In this blog, Dr Ben Whitham comments on how a centrist discourse coupled with a misguided representation of threat that different political movements pose is enabling the rise of the far right in the UK, and internationally.
In light of the events in London last Friday, people are talking about terrorism again. But this conversation is tightly embedded in the context of the imminent general election. Right wingers, including current Prime Minister Boris Johnson, were quick to exploit the attack – against the explicit wishes of one victim’s grieving parents – to justify more draconian counter-terrorism sentencing measures. It is a febrile political climate as we approach what the ruling Conservative Party would like us to think of as a ‘Brexit election’, and in a context where, just prior to the Brexit referendum in 2016, a sitting MP – Jo Cox – was assassinated in a terrorist attack. The authorities are, understandably, taking care to warn prospective parliamentary candidates (PPCs) of potential dangers.
In their Joint Guidance for Candidates in Elections: When it goes too far, sent to all PPCs last week, the National Police Chiefs’ Council, Electoral Commission, Crown Prosecution Service, and the College of Policing point out that the current national security ‘threat level’, set by the security services, is ‘SUBSTANTIAL’. They go on to explain to PPCs that this ‘reflects the threat from Islamist, Right and Left Wing Terrorism’.
While the terminology may be problematic, there have been many major terrorist attacks in the UK, prior to last week’s, that are deemed ‘Islamist’. In 2017 alone, 35 people were killed and hundreds injured – many of whom sustained serious, life-changing injuries – in the Westminster, Manchester Arena and London Bridge attacks. The latter two attacks were both claimed by the ‘Islamic State’ militant group. The threat of right wing terrorism has a similarly clear evidential basis. Thomas Mair assassinated Jo Cox, a sitting, pro-remain Labour MP, during the Brexit referendum campaign, shouting ‘this is for Britain!’, ‘keep Britain independent!’, and ‘Britain first!’ as he murdered her. His home was ‘stuffed with far-right books and Nazi memorabilia’, and the CPS declared the attack political terrorism. Furthermore, Mair was not – despite media representations to the contrary – a ‘lone wolf’. He is one person is a large, emboldened, and fast-growing transnational movement of right wing terrorists. In the last few months alone, far right terrorists including Jack Renshaw, David Parnhamand Vincent Fuller have been jailed in the UK for attempted, hoaxed, or actual white supremacist terrorist attacks. This is not to mention their comrades’ bloody attacks on churches, synagogues, mosques and shops in the US and New Zealand. In September, the head of counter-terrorism policing in the UK, Neil Basu, described right wing terrorism as the ‘fastest-growing problem’ he faced.

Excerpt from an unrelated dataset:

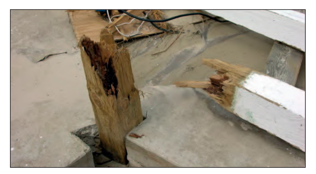
Figure 14-1. Pile that appears acceptable from the exterior but has interior decay

or resources that augment the guidance and other information in this Manual, see the Residential Coastal Construction Web site (http:// www.fema.gov/rebuild/mat/ fema55.shtm).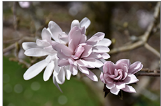
Centennial Blush Magnolia flowers

BRUNSWICK 422 Bath Road Brunswick, ME 04011 1-800-339-8111 207-442-8111

But what of the ‘Left Wing Terrorism’ that the Joint Guidanceputs on a par with Islamist and right wing terror threats? I have tried to think of a single example of an attack, and have to say I am coming up blank. It could be that the authors are privy to specific intelligence about a secret lefty plot – a sort of UK Red Brigades. But I suspect it is actually an example of a toxic ‘centrist’ political imaginary that pervades many of our institutions, drawing false political and moral equivalences as a facile expression of ‘neutrality’. This simplistic ‘both sides-ism’ is a level of political discourse so degenerate that even Donald Trump knows how to effectively exploit it, but its most dangerous proponents are the well-intentioned liberal establishment individuals and organisations who think that their overriding duty is to provide ‘balance’ when they make pronouncements on politics.

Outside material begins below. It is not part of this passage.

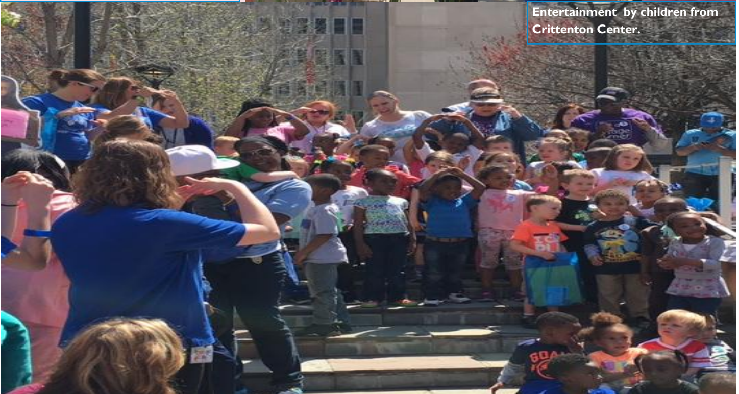
Entertainment by children from Crittenton Center.

Both sides-ism is dangerous because it minimises the very real threat posed by the rise of the far right, in the name of balance. We are supposed to consider what, milkshaking, to be ‘Left Wing Terrorism’ equivalent to the far right’s mass murders and assassinations? The messaging in the Joint Guidance downplays the singular threat posed by an insurgent, transnational far right movement that has developed strong links with ‘mainstream’ right-wing governments, through figures like Steve Bannon, in the UK, the US, and elsewhere. It also suggests an obscene and offensive moral equivalence between those who want a more equal society, and those who want genocide.

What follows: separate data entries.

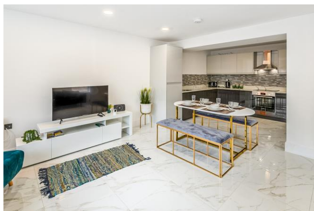
DINING LOUNGE AREA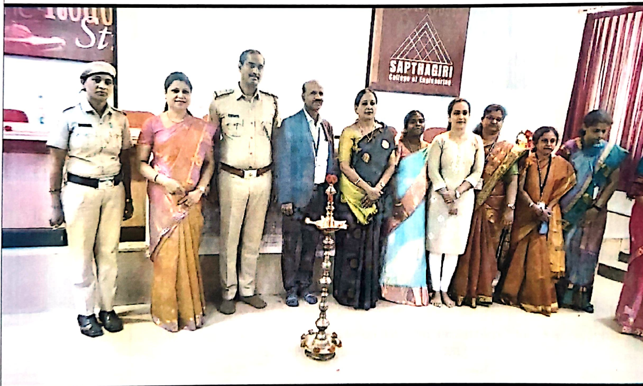
International Women’s Day with the theme “Break the Bias” was celebrated at SCE by conducting various events for the girl students and Lady faculties and staff of SCE at Sapthagiri College of Engineering, Bengaluru on 08/03/2022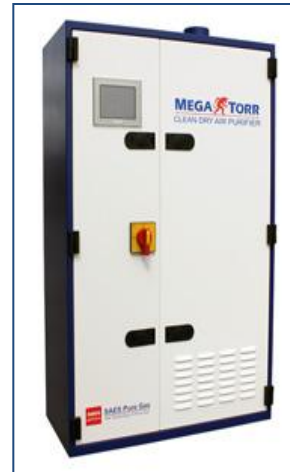
Clean Dry Air Purifiers (PS-22-MGT-XXX)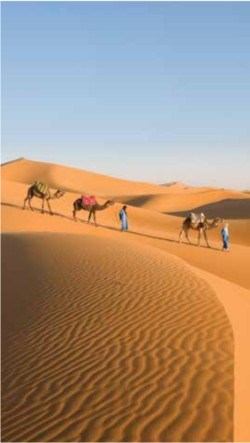
We ride camels in the Sahara.

The BBC, of course, has become Both Sides Central in recent years – a process exacerbated by the Brexit referendum and subsequent political ‘debate’ – obliviously drawing an identical equivalence between antifa and neo-fascists to Trump’s famous ‘both sides’ remark on Charlottesville. If they interview a prominent climate scientist, they’ll scour the land for a climate change denier. If they interview an anti-racist commentator, campaigner or columnist, they’ll be sure to find an openly Islamophobic racist to ‘balance’ those views. This is a lamentable trajectory for journalism and leads to a situation in which, as Tory journalist Peter Oborne has pointed out, the Prime Minister can openly and repeatedly lie without real challenge. What’s more, political issues don’t have only ‘two sides’ (Brexit is perhaps the multi-faceted issue par excellence, splitting views within and between political parties, spawning new parties, floor-crossings and expulsions), and amplifying obscure, hateful voices is not a path to ‘neutrality’ or a sensible response to ‘bias’.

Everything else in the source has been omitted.